O que mostram são fotografias de aviões semelhantes ao usado no voo 447 (que mais acentuam a consciência de não ser ele o verdadeiro do que a semelhança com ele), de radares modernos em navios, ou de militares com binóculos a perscrutar a presumível cena da queda, sempre com a mesma insuficiência de quem nos mostrasse os olhos em lugar da coisa supostamente avistada.

Marcas da ansiedade
No lugar do acidente, há a proliferação de imagens dos familiares a descer dos ônibus ou a cruzar escoltados os aeroportos do Rio e de Paris, com os olhos cobertos de dor e perplexidade. Mas a própria abundância dessas imagens vicárias marca sobretudo a ansiedade pelas notícias que não vêm, pela insistência da tragédia em não se consumar, de não apresentar justificativas para a sua ocorrência.
Não há muitos objetos capazes de representar vicariamente a extensão cabal do desastre. Há o céu e há, sobretudo, o mar. Mas o mar confunde, indistingue, abstratiza, mais do que evidencia a tragédia.
Assinalam um traçado no mar, mas ele não parece suficiente para expressar o trágico. Mencionam uma cadeira, objetos coloridos, uma parte metálica de alguns metros, mas metros não contam para o mar.
Compreende-se o apego aos objetos partidos para valer como demonstração patética do desastre invisível.
Não era por outro motivo que Aristóteles, na "Retórica", notava a eficácia de exibir camisas ou outros objetos com o sangue das vítimas para tornar presentes aos jurados a violência dos criminosos diante da ausência dos corpos mortos no tribunal.
Mas não há sangue, não há culpados, não há traços humanos especialmente comoventes.
De tudo o que se vê, evidencia-se tão somente o alto-mar. Sua magnificência está mais próxima da metáfora metafísica, seja da morte, seja da fortuna, que dos afetos trágicos. Mais do que piedade e compaixão, o mar exibe a sua própria grandeza.

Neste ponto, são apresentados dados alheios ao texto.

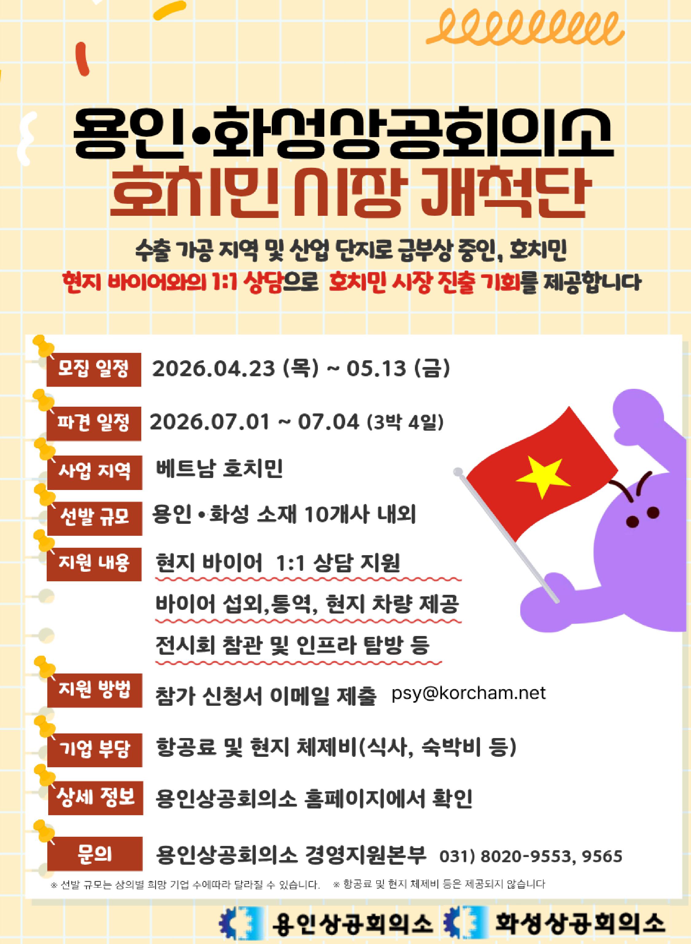 | ‒ | 2026 용인·화성상공회의소 호치민 시장개척단 모집공고 |

Por isso, no mar, em busca dos sinais dos mortos do voo 447, mais se encontram os sinais de nossa própria insuficiência. No mar, como no espaço abissal, é difícil sustentar um drama subjetivo individualizado: nele se enxerga melhor a nossa condição comum do que nossa vida particular.
Como suplicar ao seu sem fundo que se apiede, como o vingado coração de Aquiles [na "Ilíada", de Homero] diante das súplicas do pai para restituir o corpo do filho amado?

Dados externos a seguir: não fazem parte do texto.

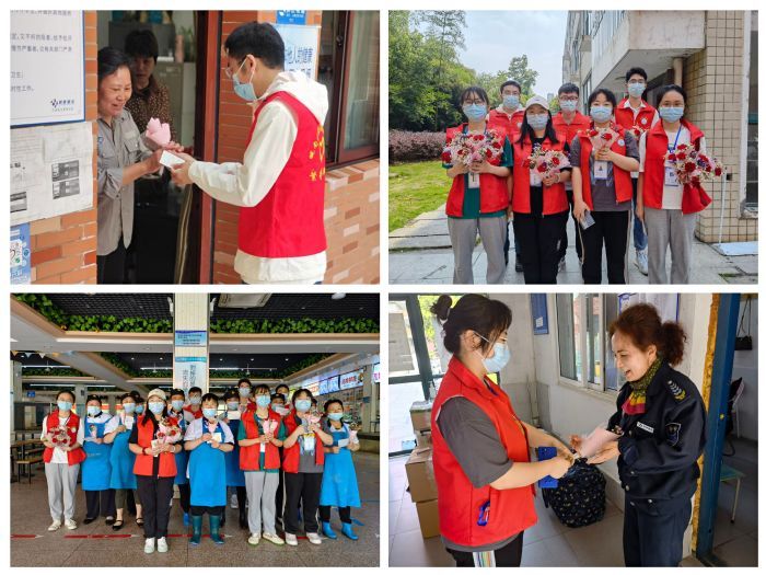 5月8日,2021级员工代表将亲手包扎的花束和精心制作的明信片送给在校园里保障同学们生活和学习的“母亲们”,向节日期间坚守在不同岗位上的“母亲”送上真挚的问候,一声声“您辛苦了,节日快乐”,让温暖和爱在校园内传递。

Que esperança de enternecê-lo e de prantear os corpos dos mortos, para que os façamos parte de nossas cerimônias e os aceitemos então como parte de nossas memórias e, portanto, como experiências que se pode viver, mesmo insuperadas?

Sem catarse
Desse modo, não há tragédia, pois não há relato de ação; não há catarse possível, pois não há erro, nem há vítimas que se dão a ver, assim como nos faltam os despojos sujos, tocantes, de vida interrompida.

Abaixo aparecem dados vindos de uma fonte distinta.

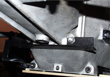We then lower the motor to the floor of the car and bolt the front motor plate to the chassis. The motor plate should rest on the piece of steel angle at the lower edge of the rear bulkhead. We also make a change to one of the supplied fasteners. On the LEFT side of the car, we use a hex head bolt in lieu of the supplied socket head part. The reason for this is the ease of getting a ratchet in this location. On the right side of the car, we leave the socket head bolt because it's quite open on the right side and easy to tighten the bolt with a hex ball driver. BTW, the required hex head bolt is an 8mm x 1.25 x 50mm part.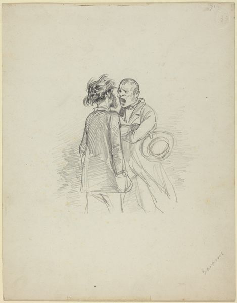 Curator: What a captivating scene! This etching, created by Sir John Everett Millais in 1852, is titled "Mr. Wray's Cash Box; or, The Mask and the Mystery" and resides here at The Art Institute of Chicago. Editor: It's quite stark, isn't it? Almost severe in its simplicity. I'm immediately drawn to the contrast between the dark lines defining the figures and the blankness of the background. The artist's choices regarding paper material and etching technique, how they have aged since 1852, are significant, but what was the access to these raw materials and specialized artisan know-how at that time? Curator: The austerity certainly mirrors the Pre-Raphaelite's ethos. They sought a return to what they considered the sincerity and simplicity of pre-Renaissance art. The mystery suggested in the title must refer to something societal since their compositions reflected not only painterly innovation but also social awareness. Do the two figures symbolize a form of oppression or suppression? Editor: I think the production techniques used play an important role in understanding this, though. As an etching on paper, prints were intended for dissemination. Its potential availability enabled commentary and circulation throughout England's socio-economic classes. Perhaps a sign of new roles for artists like Millais during that transformative moment in time. What are they saying about production within the British machine? Curator: Indeed, the affordability of prints democratized art, enabling social commentary on a broader scale. Millais was part of a new generation exploring art's role in societal discourse. Perhaps these seemingly regular figures point to broader issues like class and economic struggles prevalent within English society and those pressures played out in people’s real lives. Editor: The materiality is quite powerful here as the simplicity allows the story being presented, including who has access, who could reproduce or circulate the artwork, to add layers of potential analysis. I wonder how access to cash-boxes like this were socially constructed too. Curator: This piece invites us to look beyond the surface, delving into Victorian England's social fabric through the lens of these skillfully etched lines. Millais' social observations have secured his influence in romanticism for centuries. Editor: Agreed. "Mr. Wray's Cash Box; or, The Mask and the Mystery" pushes us to understand this work, through technique, history, social commentary and perhaps its largest success may stem from Millais' masterful employment of print and etching processes.

Tampouco há sublime pós-moderno, pois não há absolutamente o horror do inenarrável: há apenas a narração exígua do que semostra imenso à vista.
Os jornalistas, mais ou menos obrigados a recompor uma história dramática, senão uma grande tragédia -não por má intenção ou indiferença, mesmo ao contrário, para dar uma dimensão sensível à dor-, estão cada vez mais na pele do pintor inepto de Horácio, que apenas sabendo pintar árvores, não sabia como fazer para plantá-las na paisagem marítima.
Mas há apenas a dor dos que a sentem, mais nada.


ALCIR PÉCORA é professor de teoria literária na Universidade Estadual de Campinas (SP) e autor de "Máquina de Gêneros" (Edusp).